Russian Communists looking to overturn privatization

The Communists proposes that the state returns businesses that were “unfairly” privatized (RIA Novosti / Andrey Rudakov)
Russia’s Communist Party faction has submitted a bill on nationalization to the lower house of parliament.

­The legislation concerns the nationalization of companies that were privatized during the 1990s. Communists have always condemned the process of giving the state assets to individuals, many of whom turned into so-called oligarchs.

Observers say the Communists are trying to use their populist “trump card” now as they have started preparations for parliamentary elections scheduled for December. At the same time, the government is now launching another large-scale privatization campaign.

The Communist Party of the Russian Federation (CPRF) proposes that the state returns businesses that were “unfairly” privatized. But they support compensation of expenses to current owners after “the assessment of assets at the moment of privatization.”   

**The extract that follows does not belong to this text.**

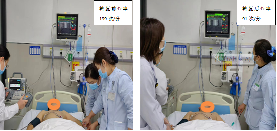 王会强主治医师、张骥主治医师同轮值主任商议后,拟对患者行同步直流电复律,与患者家属充分沟通,消除患者家属对电复律的恐惧心理,征得同意后对患者进行镇静。充分镇静的同时,护士已完成气道管理,备好抢救物品,立即予以50J同步直流电复律一次,心电监护显示心室率立即降至91次/分,复查心电图恢复窦性心律。患者恢复窦性心律后痛苦表情消失,家属协助沟通,问及是否还有心悸不适,患者开心摇头,并向医护竖起了大拇指,家属悬着的心也终于放下,向急诊内科医护表达了诚挚的感谢。严密观察后患者一般情况平稳,安全出院回家。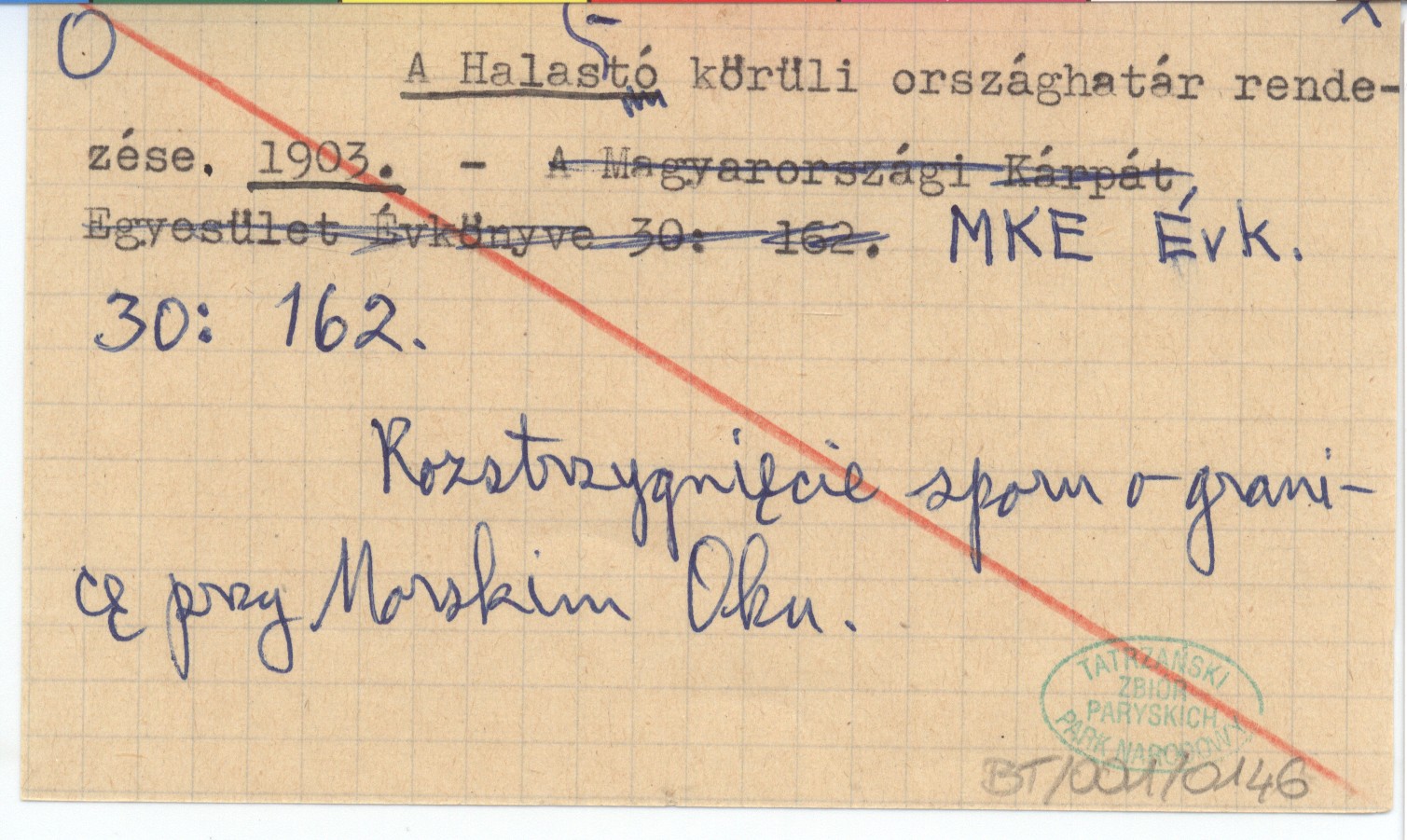 Magyarországi Kárpátegyesület Évkönyve, 30: 162. Rozstrzygnięcie sporu o granicę przy Morskim Oku.

In an explanatory note to the draft bill, 24 deputies of the CPRF faction in the State Duma wrote that during the first 10 years of privatization about 140,000 enterprises were given to private owners. The state budget gained only about $10 billion, while in other European countries this figure was six times higher.

In Russia, privatization revenues per person were $54, compared to $2560 in Australia and more than a thousand dollars in other countries. “This was a targeted plunder of national property rather than privatization,” the explanatory note reads.

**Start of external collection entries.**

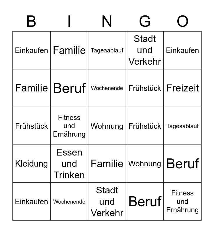 This bingo card has a free space and 24 words: Essen und Trinken, Wochenende, Wochenende, Einkaufen, Einkaufen, Einkaufen, Familie, Familie, Frühstück, Familie, Frühstück, Frühstück, Wohnung, Beruf, Beruf, Beruf, Tagesablauf, Tageaablauf, Freizeit, Fitness und Ernährung, Fitness und Ernährung, Kleidung, Stadt und Verkehr and Stadt und Verkehr.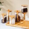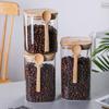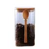 Frasco de Almacenamiento de Vidrio con Cuchara Frasco para Té Tapa de Bambú Cuadrado Vidrio Borosilicatado Alto Cuchara de Madera Frasco Sellado Frasco de Almacenamiento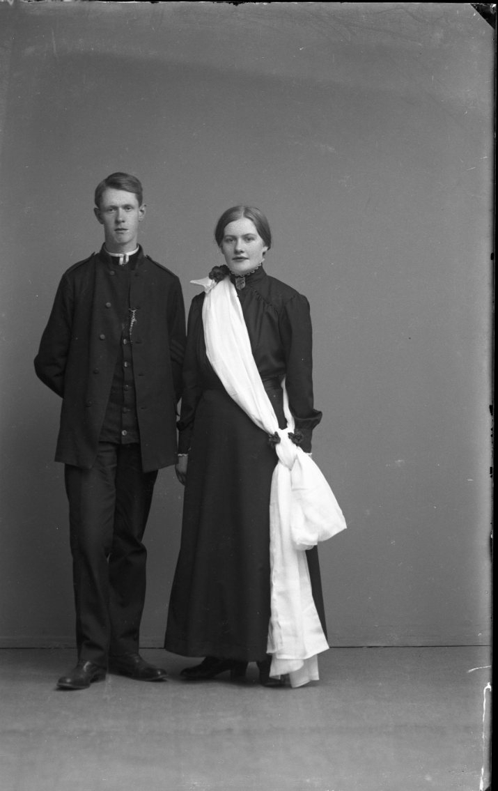 Brudparet Åkerberg. Hon har ingen krona däremot ett brett ljus band över axeln, knutet i midjan och hängande ner mot golvet.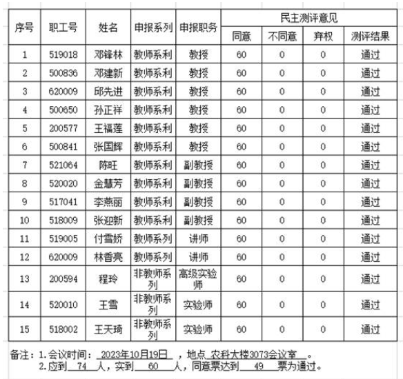 根据公司《关于开展2023年度专业技术职务评聘工作的通知》要求,公司于10月19日下午召开了2023年度专业技术职务评审民主测评会,经各申报人述职、参会高级职务的全体教师投票表决,现将测评结果公示如下: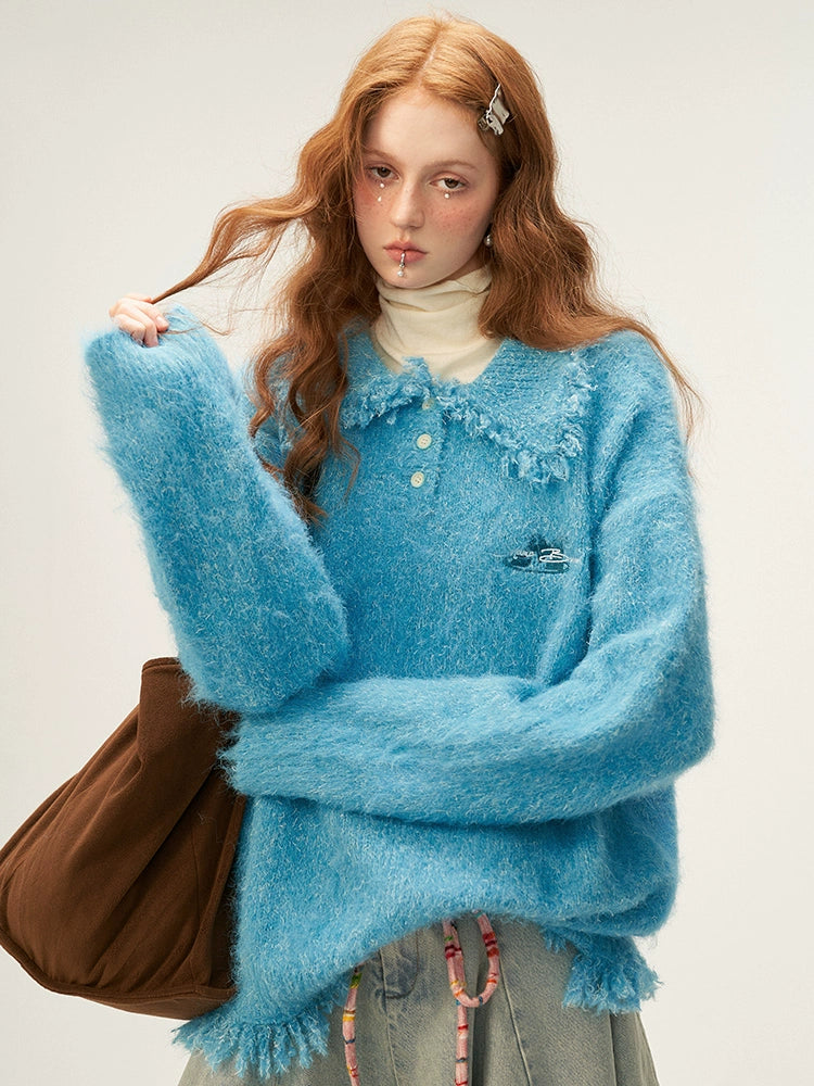 ❤︎ レトロタッセルミックスラインポロボタントップス❤︎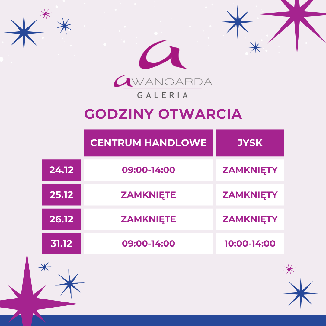 Drodzy klienci!✨ 🗓W okresie świąteczno-noworocznym godziny otwarcia Galerii Awangarda ulegają zmianie. Zaplanujcie swoje zakupy i wizyty wcześniej, aby ten czas upłynął w spokoju i radości!🫶 Do zobaczenia w Galerii Awangarda!❤🎄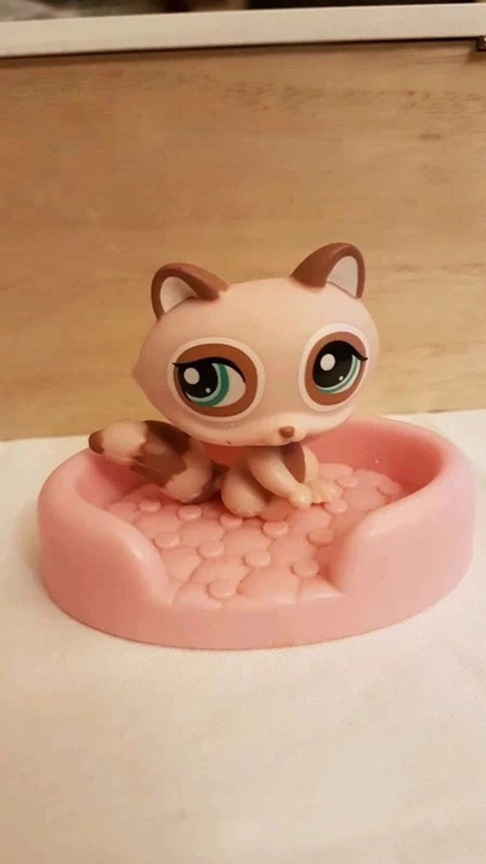 ⬇️mes autres annonces de petshop👉 #cg89petshop 😁 réductions activées des 2 articles ! un Raton laveur PetShop et son panier pour dormir Bon état #petshop #ratonlaveurpetshop #lps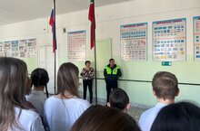 Сегодня на традиционной,еженедельной линейке для учащихся школы выступил сотрудник ГИБДД Жанназаров Р.Р.
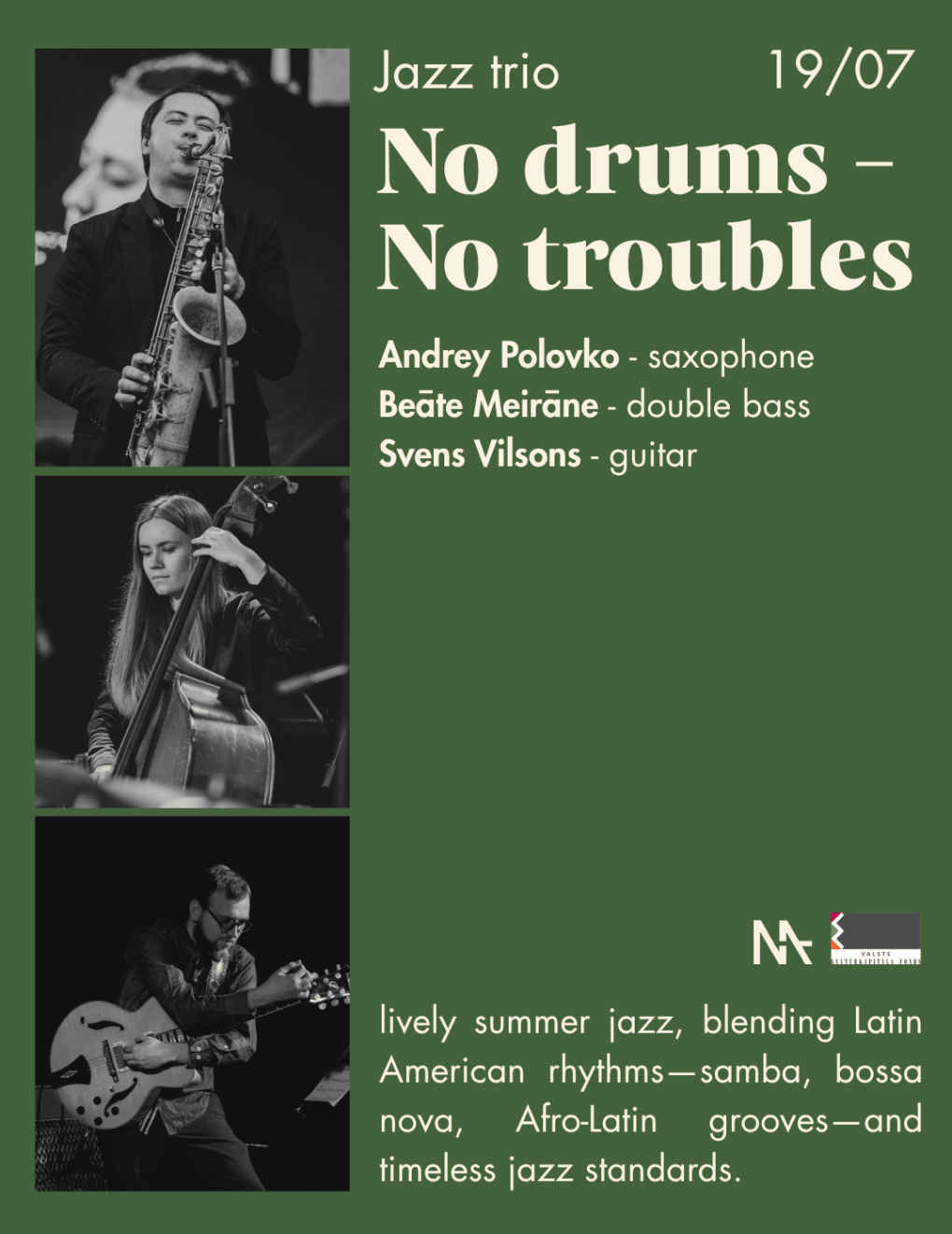 On July 19, MASA Kultūrbārs will fill with lively summer jazz, blending Latin American rhythms—samba, bossa nova, Afro-Latin grooves—and timeless jazz standards.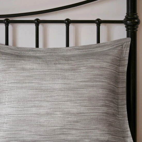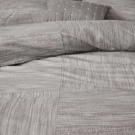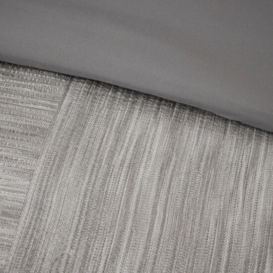 The Madison Park Clayton 7 Piece Printed Seersucker Comforter Set offers a chic modern update to your bedroom. Β This grey comforter set features a pieced, textured printed seersucker weave design for a updated transitional allure. Two matching shams repeat the style of the comforter, while two square pillows and one oblong decorative pillow add dimension and comfort to the bed. A solid grey bedskirt adds the finishing touch to complete the contemporary comforter set. Hypoallergenic polyester filling in the comforter and the pillows provides exceptional warmth and comfort. Transform your bedroom decor with the trendy style of this printed seersucker comforter set. Machine washable for easy care.

Many politicians doubt that the legislation will be put to vote in the parliament. Privatization was carried out with numerous legal violations, but it is impossible “to turn back the wheel of history,” Sergey Markov, Duma deputy from the ruling United Russia party believes.

Unfair privatization and calls for returning “loot” are common CPRF’s slogans, Markov told RBC daily. “The emergence of such a bill is clearly connected with the forthcoming elections to the State Duma.”  

People in Russia tend to consider big property as “illegal,” although it has been formalized, the deputy said.  He predicted that the Communists will gain some electoral advantages after this move, but stressed the bill “surely will not be supported” in the parliament.